Во Франции Кодекс 1791 г.

допускал наказуемость покушения только при двух преступлениях: при предумышленном убийстве и при отравлении; но уже Закон 23 прериаля IV года и 25 фримера VIII года пополнил эти постановления, приняв систему, которая перешла и в действующий Французский кодекс, на основании коего (ст. 2 и 3) покушение на преступление накйзуемо всегда, на проступки - только в случаях, особо указанных в законе, а покушение на нарушения ни в каком случае не наказуемо, так что закон ставит опасность, а следовательно, и наказуемость покушения в прямое соотношение с важностью того деяния, на которое посягал виновный[4].

Это деление усвоено не только романскими кодексами - Итальянским, Бельгийским (ст. 2), но вошло и в германское право, в Кодекс прусский 1851 г. и Баварский 1861 г. и, наконец, в действующее Германское уложение, которое в ї43, признавая вообще покушение возможным только при преступлениях и проступках, прибавляет, что покушение на проступок наказывается только в случаях, особо указанных в законе; то же повторяет Кодекс венгерский, а Кодекс голландский (ї45, 46), согласно своему двухчленному делению, допускает наказуемость покушения при проступках и безусловно устраняет наказуемость покушения при нарушениях.

Действующее Уложение приняло правило, сходное с французским, на основании коего при тяжких преступлениях покушение наказуемо всегда; при преступлениях - лишь в случаях, особо в законе указанных[5], а при проступках- вовсе не наказуемо[6], причем в тех статьях, которые будут состоять из нескольких частей, из коих одна будет соответствовать тяжкому преступлению, а другая преступлению, также делается указание о наказуемости покушения, относя это указание только к той части подобных статей, которая соответствует преступлению.

Обращаясь же к рассмотрению вопроса о размере ответственности за покушение, мы должны прежде всего остановиться на делении покушения на виды.

Промежуток, отделяющий начало осуществления преступного действия от его окончания, представляется иногда весьма значительным.

Деятельность виновного, проявленная в покушении, ее объем и характер весьма разнообразны; поэтому понятно, что попытки деления покушения на виды оказываются и многочисленными, и различными.

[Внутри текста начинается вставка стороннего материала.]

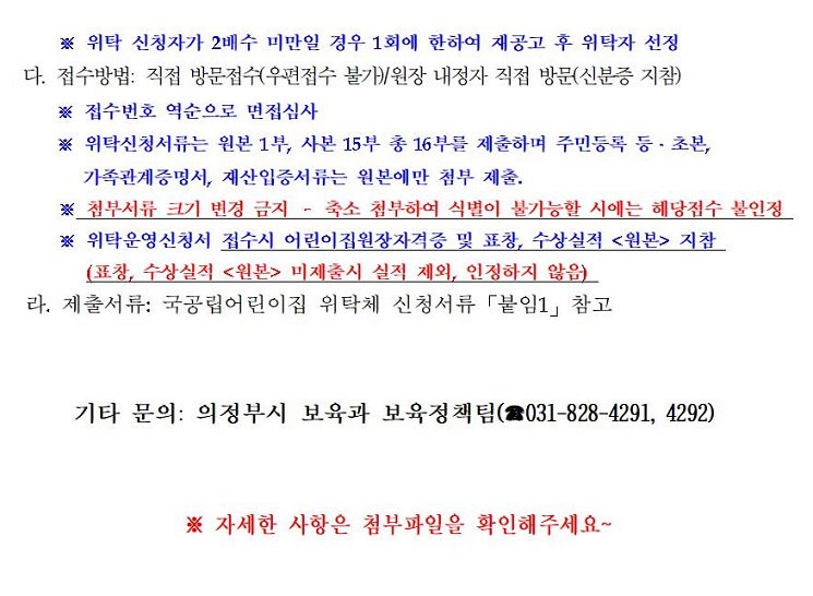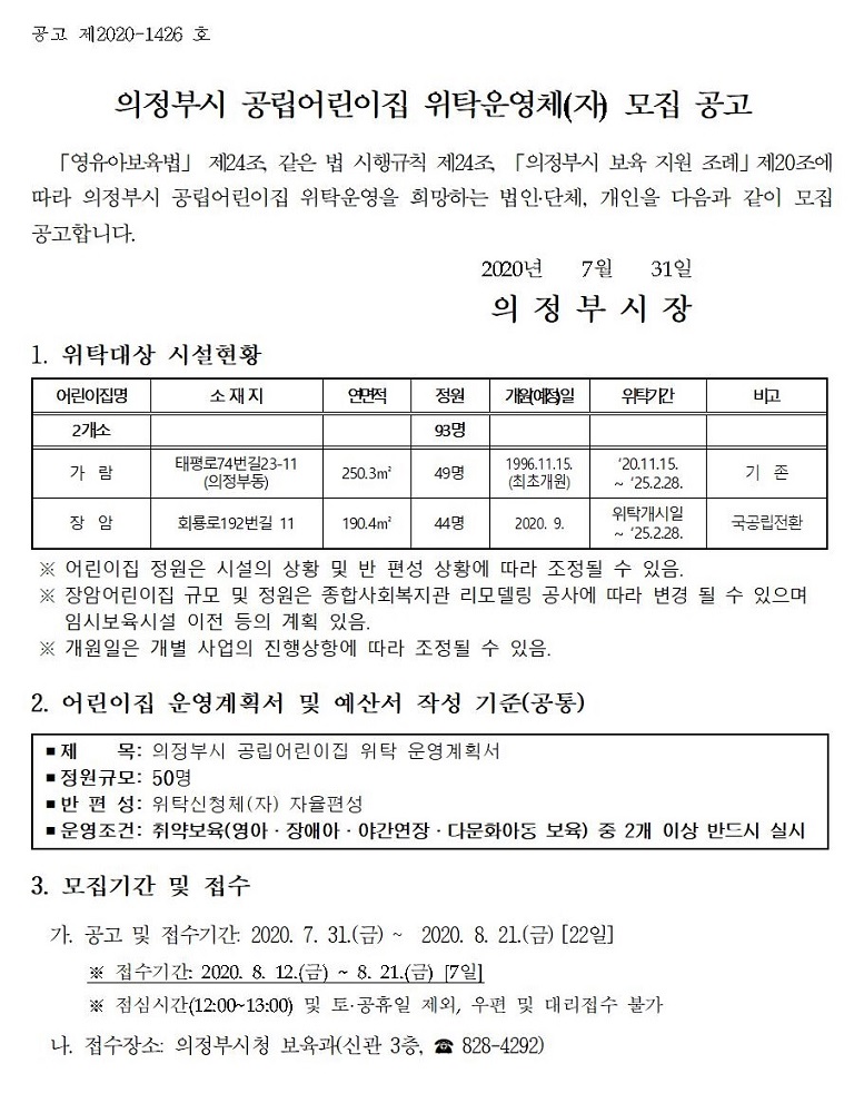 의정부시 공립어린이집 위탁운영체(자) 모집 공고 페이지 정보 작성자 의정부센터 댓글 0건 조회 4,407회 작성일 2020-08-03 17:01 본문 [ 의정부시 공립어린이집 위탁운영체(자) 모집 공고 ] 목록 이전글2020년 영아보육전문교육(3기, 심화과정) 모집안내 20.08.04 다음글의정부시육아종합지원센터 최종 합격자 발표(대체교사) 20.07.30

Наиболее старым и наиболее распространенным является деление покушения по степени его близости к окончанию. Так, уже средневековые юристы различали три степени покушения: conatus remotus, с. proximus и delictum per-fectum[7], причем это деление осложнялось тем, что к области покушения относились и приготовительные действия. Это деление встречалось и в партикулярных немецких законодательствах; но ныне оно утратило практическое значение благодаря условному характеру делящего признака. Степень близости, являясь количественным изменением совершающегося, может быть определена только при сравнении между собой каких-либо двух попыток выполнения однородного преступного деяния, но она не может дать абсолютного масштаба для оценки. Оттого все криминалисты, защищавшие такое деление, расходятся друг с другом при установлении пределов этих подразделений. Но помимо этого, такое деление не может иметь действительного значения при установлении размеров ответственности. Понятно, что отсутствие вреда, отсутствие действительного нарушения нормы создает различие между оконченным преступным деянием и покушением; но какое же различие и в объективном, и в субъективном отношении мы найдем между близким и отдаленным покушением?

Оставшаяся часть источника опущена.